----- Extracted information

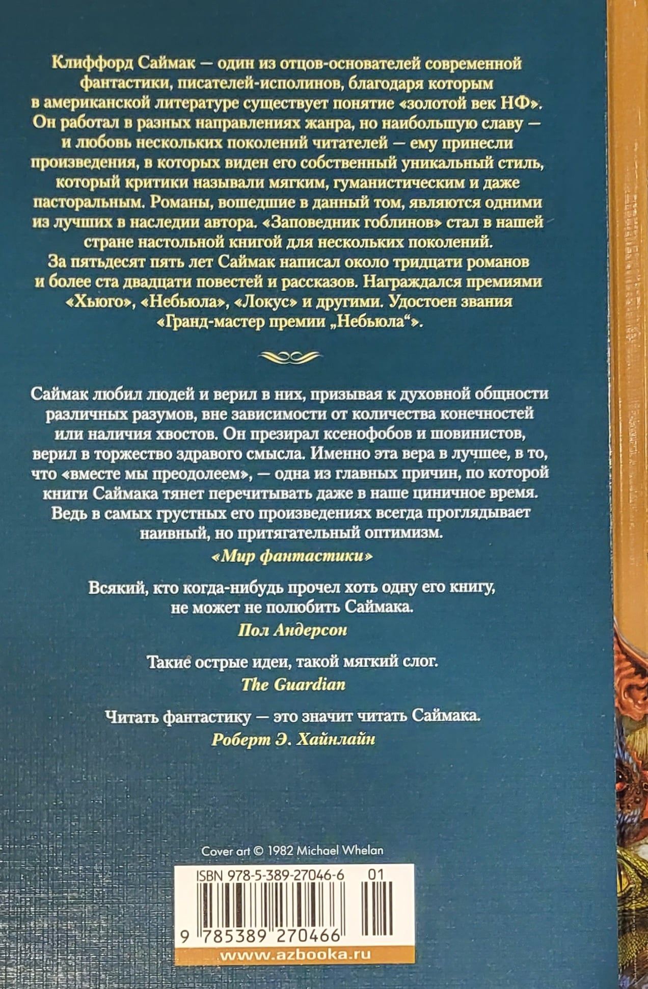 Clifford Simak is one of the founding fathers of modern fiction, the giant writers, thanks to whom in American literature there is a concept of the “golden age of the NF”. At the beginning of his literary career, Saymak wrote "solid" science fiction and adventure works, as well as westerns, but then pushed the boundaries of the NF genre and created his own style, which critics called soft, humanistic and even pastoral, comparing Simak's prose with Bradbury's prose. World fame brought him a novel in the novels “City” (the title novel is included in this collection). For fifty-five years, Saymak wrote about thirty novels and more than one hundred and twenty short stories. He was awarded Hugo, Nebula, Locus and others. He was awarded the title of Grand Master of the Nebula Prize.
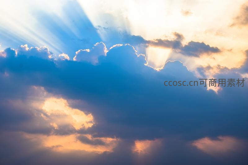 太阳从厚重云层后射出耀眼光芒,形成耶稣光般的视觉奇观,蓝白交织的云朵衬托出大自然的恢弘与神秘。
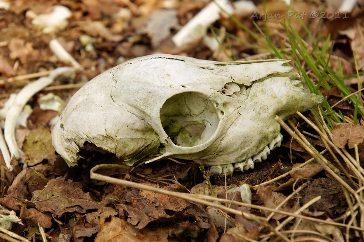 Net even van het bospad af lag 'iets' wits. Nader onderzoek wees uit dat het hier gaat om een een dode ree. Zij mistte een stukje uit de schedel (rechts achter). Ging het hier om een brute moord?
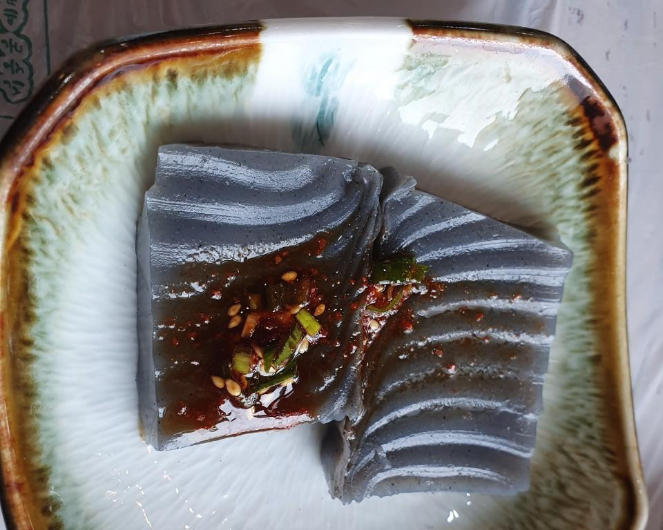 묵이 나왔는데 색이 참 예쁘더라구요. 일하시는 이모님게 여쭤보니 깨묵이라고 하시던데 한 입먹어보니 참 맛있더라구요.
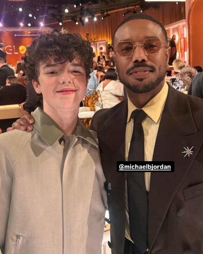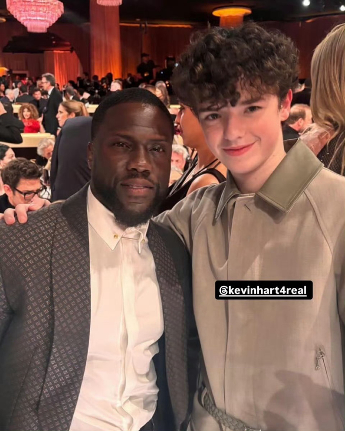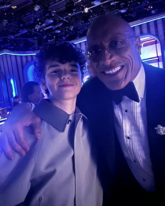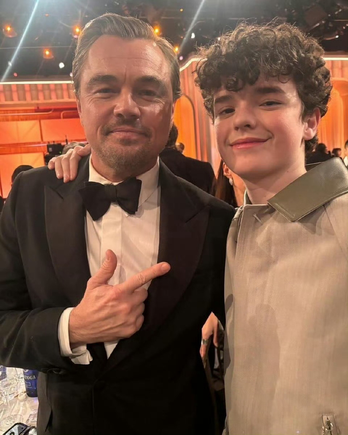 欧文·库珀在金球奖颁奖典礼上追星,顺便合个影。
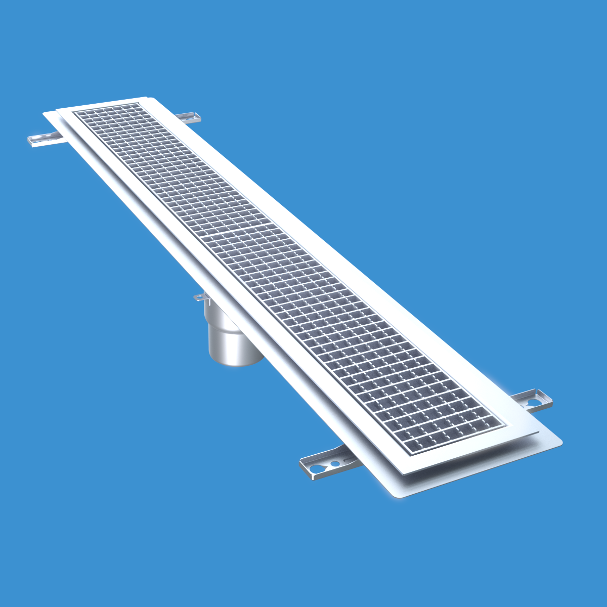 FURO 115 för bl.a. storkök och industri med lättare belastningar. Av syrafast rostfritt stål med bottenutlopp Ø110 mm, fyrkantöverdel med galler L15 dim. 1400x150 mm. För Klinkergolv K4, tätskikt som klistras mot klisterfläns. Komplettera ev. med silkorg 7119548.
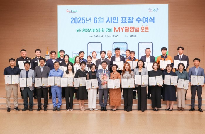 [코리아 이슈저널=김종오 기자] 광양시는 6월 4일 시청 시민홀에서 지역사회 발전에 기여하고 각 분야에서 헌신적인 봉사활동을 펼쳐온 시민 36명에게 시정발전 유공 시민 표창을 수여했다고 밝혔다.
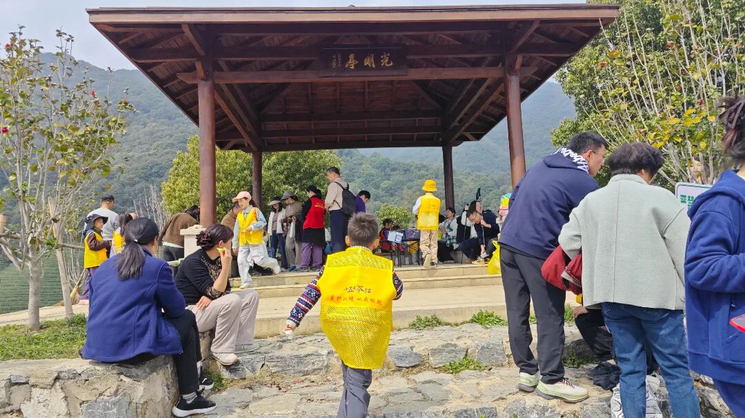 看,绿油油的茶树间,几抹亮黄色的身影格外显眼。大人提着袋子,小朋友也戴着小手套,每个人都认真地边走边看。
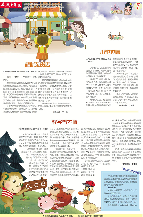 《安徽青年报·学生周刊》励志启智,开阔视野,净化心灵,陶冶情操,参与互动,集新闻性、知识性、趣味性、互动性为一体,是小学生成长的良师益友、参与互动的平台、沟通老师家长的纽带。
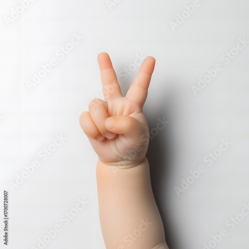 Baby's Victory Gesture: A tender hand from a baby forms the universally recognized peace sign, showcasing a symbol of innocence and triumph.
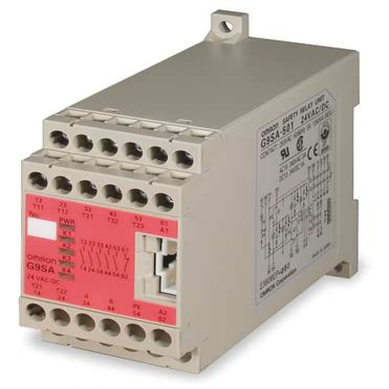 Safety Monitoring Relay, Input or Control Voltage 24V AC/DC, AC Contact Rating - Relay 5A @ 250V, DC Contact Rating - Relay 5A @ 30V, Mounting - Relay DIN Rail, Output Switch Configuration - Relay (1) SPST-NC Aux. Relay, (3) SPST-NO Instantaneous, Input Power Consumption (Burden) 1.8 VA, Number of Inputs - Relay 2, Use With - Relay E Stop, Delay Time - Relay No Delay, Response Time - Relay 10 msec, Electrical Connection - Relay Screw Terminal, Number of Pins - Relay 20
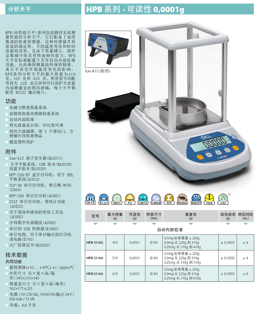產(chǎn)品型號:HPB 414Ai: 量程410g,精度0.1mg

----------

*Required work:* Print again, exactly, the lines of the records above from the first line through the line with "欧文·库珀在金球奖颁奖典礼上追星,顺便合个影。". No pictures.

*Answer to the exercise:*
 Clifford Simak is one of the founding fathers of modern fiction, the giant writers, thanks to whom in American literature there is a concept of the “golden age of the NF”. At the beginning of his literary career, Saymak wrote "solid" science fiction and adventure works, as well as westerns, but then pushed the boundaries of the NF genre and created his own style, which critics called soft, humanistic and even pastoral, comparing Simak's prose with Bradbury's prose. World fame brought him a novel in the novels “City” (the title novel is included in this collection). For fifty-five years, Saymak wrote about thirty novels and more than one hundred and twenty short stories. He was awarded Hugo, Nebula, Locus and others. He was awarded the title of Grand Master of the Nebula Prize.
 太阳从厚重云层后射出耀眼光芒,形成耶稣光般的视觉奇观,蓝白交织的云朵衬托出大自然的恢弘与神秘。
 Net even van het bospad af lag 'iets' wits. Nader onderzoek wees uit dat het hier gaat om een een dode ree. Zij mistte een stukje uit de schedel (rechts achter). Ging het hier om een brute moord?
 묵이 나왔는데 색이 참 예쁘더라구요. 일하시는 이모님게 여쭤보니 깨묵이라고 하시던데 한 입먹어보니 참 맛있더라구요.
 欧文·库珀在金球奖颁奖典礼上追星,顺便合个影。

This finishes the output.